▶ _Exercise requirements_
Print the lines below from the line with "2001 S New York" to the line with "Die Blende werd" exactly, keeping both ends, and print no pictures.

▶ _Input records_
######

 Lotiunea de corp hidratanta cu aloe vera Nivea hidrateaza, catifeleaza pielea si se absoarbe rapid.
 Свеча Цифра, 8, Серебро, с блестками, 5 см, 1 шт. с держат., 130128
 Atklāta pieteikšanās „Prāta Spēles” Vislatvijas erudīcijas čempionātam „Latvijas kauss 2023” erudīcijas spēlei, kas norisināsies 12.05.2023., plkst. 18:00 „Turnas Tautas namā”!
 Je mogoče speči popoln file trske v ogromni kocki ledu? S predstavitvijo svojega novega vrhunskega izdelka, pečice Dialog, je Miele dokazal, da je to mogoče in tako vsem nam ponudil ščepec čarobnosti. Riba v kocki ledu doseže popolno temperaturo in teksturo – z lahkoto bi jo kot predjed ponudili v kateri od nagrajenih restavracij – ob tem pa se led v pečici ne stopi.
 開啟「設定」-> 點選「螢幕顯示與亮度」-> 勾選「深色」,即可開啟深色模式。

######

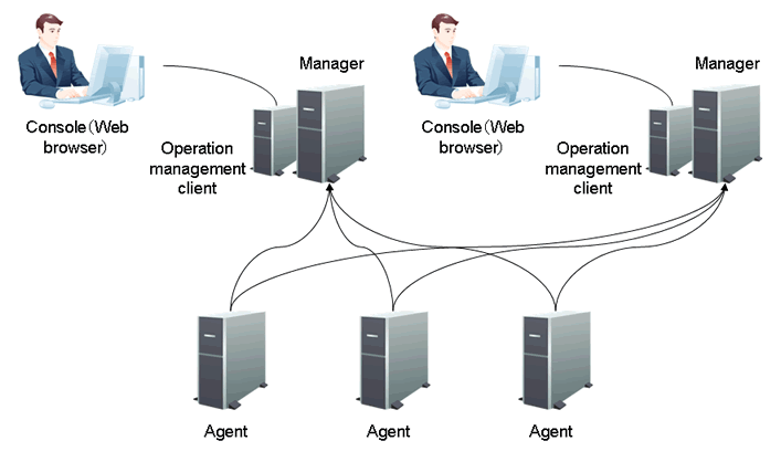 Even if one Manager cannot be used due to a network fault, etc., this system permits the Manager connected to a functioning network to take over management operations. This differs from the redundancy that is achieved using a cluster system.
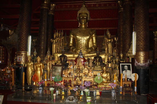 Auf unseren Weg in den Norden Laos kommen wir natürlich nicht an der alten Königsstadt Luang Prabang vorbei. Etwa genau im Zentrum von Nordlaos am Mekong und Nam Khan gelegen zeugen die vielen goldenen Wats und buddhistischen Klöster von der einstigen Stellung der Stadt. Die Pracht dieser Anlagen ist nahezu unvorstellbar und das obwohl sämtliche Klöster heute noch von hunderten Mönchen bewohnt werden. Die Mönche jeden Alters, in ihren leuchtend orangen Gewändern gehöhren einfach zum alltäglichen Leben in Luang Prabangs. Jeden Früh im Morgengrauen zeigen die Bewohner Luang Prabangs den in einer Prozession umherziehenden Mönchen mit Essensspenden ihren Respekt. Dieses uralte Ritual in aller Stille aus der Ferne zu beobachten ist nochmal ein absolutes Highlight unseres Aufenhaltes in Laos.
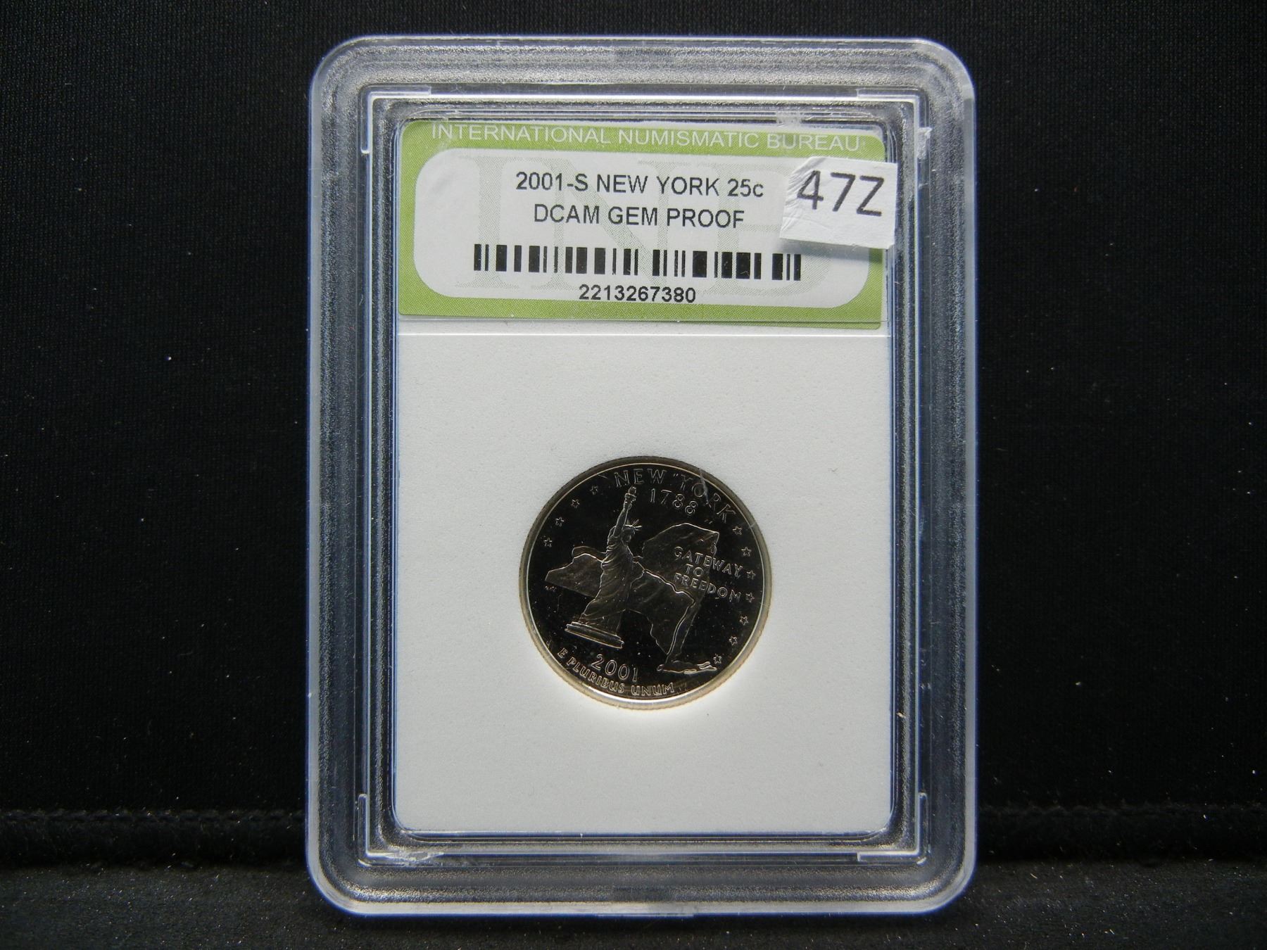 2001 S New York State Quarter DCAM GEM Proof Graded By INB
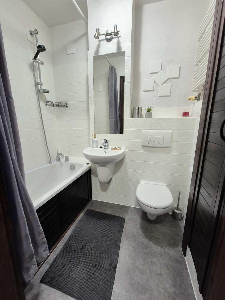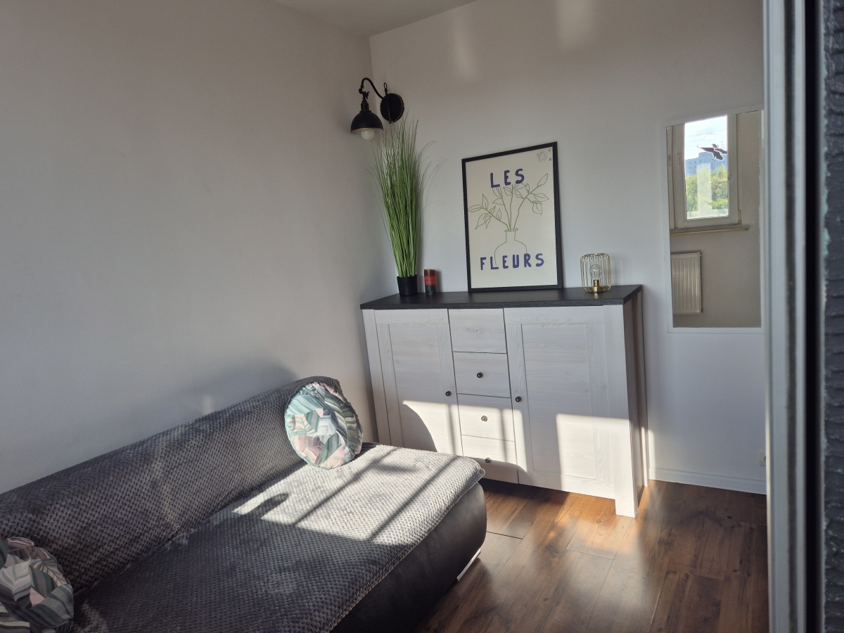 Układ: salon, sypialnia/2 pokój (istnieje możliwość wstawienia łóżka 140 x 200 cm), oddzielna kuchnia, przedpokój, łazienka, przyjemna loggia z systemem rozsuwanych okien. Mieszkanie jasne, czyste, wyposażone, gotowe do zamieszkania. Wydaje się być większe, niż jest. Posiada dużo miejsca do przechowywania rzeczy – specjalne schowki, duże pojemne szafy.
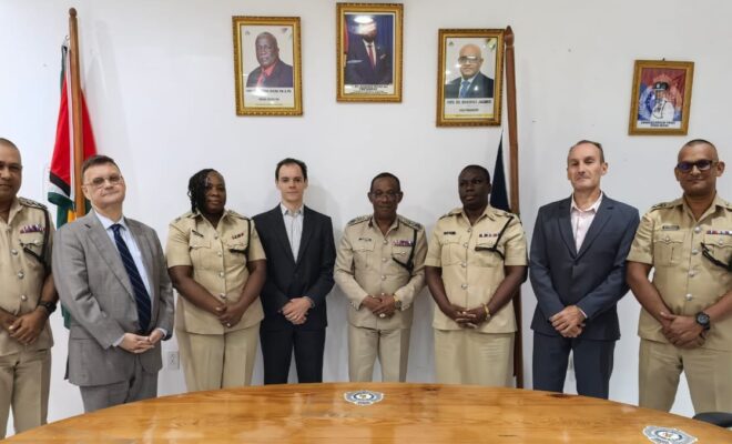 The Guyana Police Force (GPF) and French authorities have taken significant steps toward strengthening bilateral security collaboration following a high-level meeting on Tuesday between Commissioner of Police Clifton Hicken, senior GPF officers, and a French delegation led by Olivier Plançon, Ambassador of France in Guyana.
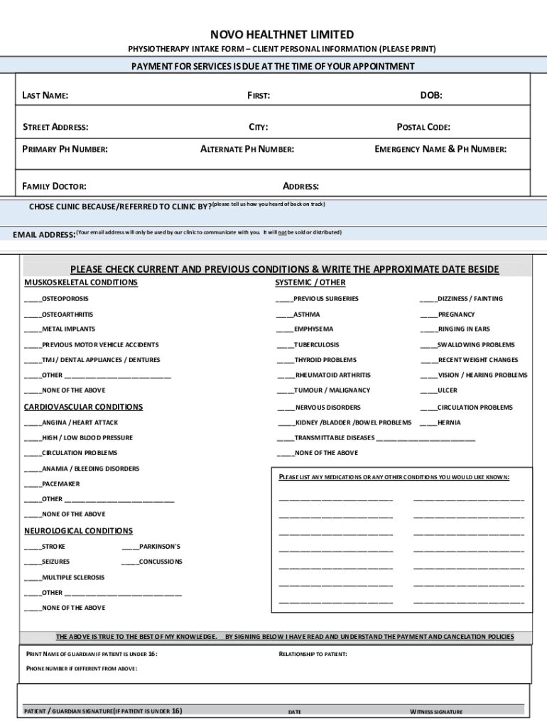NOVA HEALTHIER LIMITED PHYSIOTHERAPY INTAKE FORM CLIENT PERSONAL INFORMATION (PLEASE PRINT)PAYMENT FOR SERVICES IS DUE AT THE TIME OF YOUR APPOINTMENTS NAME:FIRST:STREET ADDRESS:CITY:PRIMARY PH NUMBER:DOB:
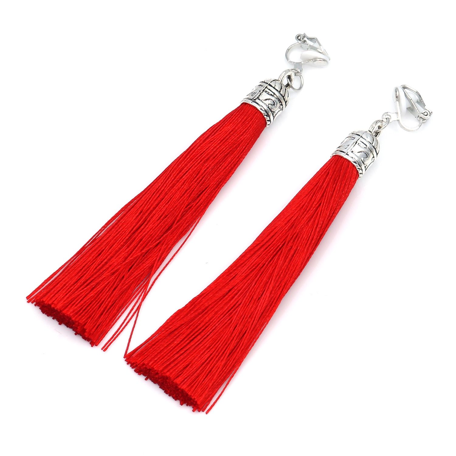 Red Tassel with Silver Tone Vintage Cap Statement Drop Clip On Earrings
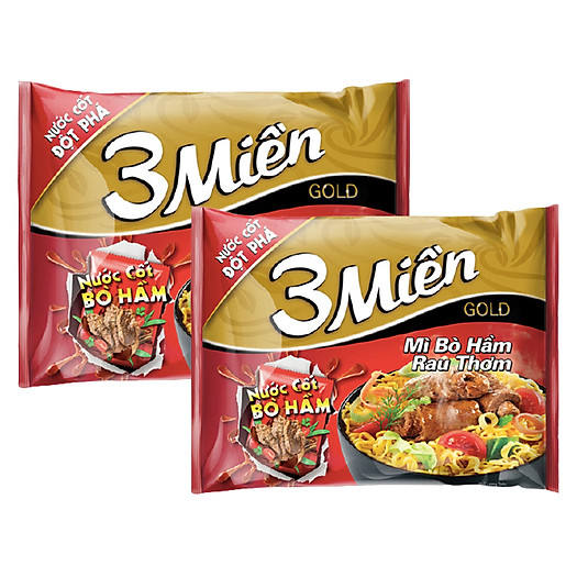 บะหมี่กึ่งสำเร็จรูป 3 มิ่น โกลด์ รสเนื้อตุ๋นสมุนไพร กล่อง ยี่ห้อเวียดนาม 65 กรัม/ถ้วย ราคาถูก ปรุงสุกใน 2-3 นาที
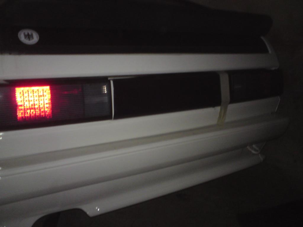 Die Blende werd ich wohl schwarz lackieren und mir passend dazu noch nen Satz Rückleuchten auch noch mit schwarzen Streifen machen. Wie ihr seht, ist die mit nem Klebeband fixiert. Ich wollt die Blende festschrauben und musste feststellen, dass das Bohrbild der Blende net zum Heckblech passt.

######

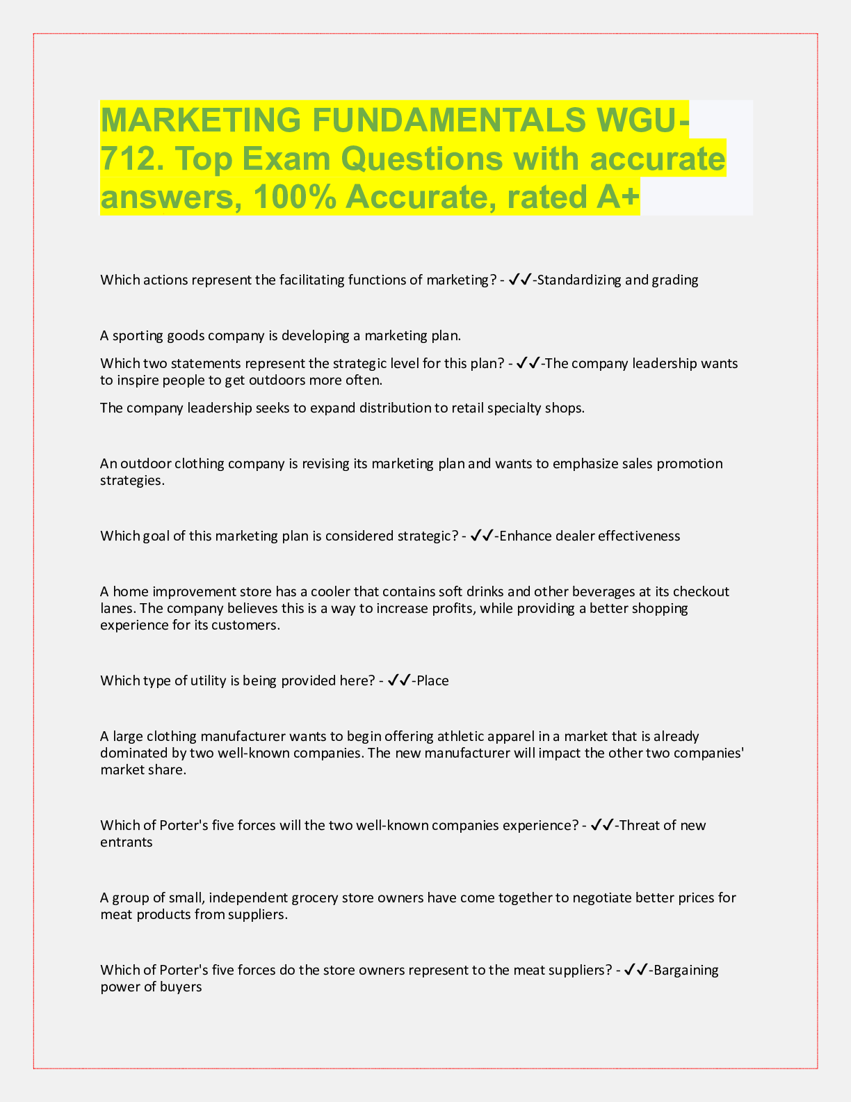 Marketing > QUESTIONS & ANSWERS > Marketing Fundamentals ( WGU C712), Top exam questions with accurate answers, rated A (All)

######

▶ _Written answer_
 2001 S New York State Quarter DCAM GEM Proof Graded By INB
 Układ: salon, sypialnia/2 pokój (istnieje możliwość wstawienia łóżka 140 x 200 cm), oddzielna kuchnia, przedpokój, łazienka, przyjemna loggia z systemem rozsuwanych okien. Mieszkanie jasne, czyste, wyposażone, gotowe do zamieszkania. Wydaje się być większe, niż jest. Posiada dużo miejsca do przechowywania rzeczy – specjalne schowki, duże pojemne szafy.
 The Guyana Police Force (GPF) and French authorities have taken significant steps toward strengthening bilateral security collaboration following a high-level meeting on Tuesday between Commissioner of Police Clifton Hicken, senior GPF officers, and a French delegation led by Olivier Plançon, Ambassador of France in Guyana.
NOVA HEALTHIER LIMITED PHYSIOTHERAPY INTAKE FORM CLIENT PERSONAL INFORMATION (PLEASE PRINT)PAYMENT FOR SERVICES IS DUE AT THE TIME OF YOUR APPOINTMENTS NAME:FIRST:STREET ADDRESS:CITY:PRIMARY PH NUMBER:DOB:
 Red Tassel with Silver Tone Vintage Cap Statement Drop Clip On Earrings
 บะหมี่กึ่งสำเร็จรูป 3 มิ่น โกลด์ รสเนื้อตุ๋นสมุนไพร กล่อง ยี่ห้อเวียดนาม 65 กรัม/ถ้วย ราคาถูก ปรุงสุกใน 2-3 นาที
 Die Blende werd ich wohl schwarz lackieren und mir passend dazu noch nen Satz Rückleuchten auch noch mit schwarzen Streifen machen. Wie ihr seht, ist die mit nem Klebeband fixiert. Ich wollt die Blende festschrauben und musste feststellen, dass das Bohrbild der Blende net zum Heckblech passt.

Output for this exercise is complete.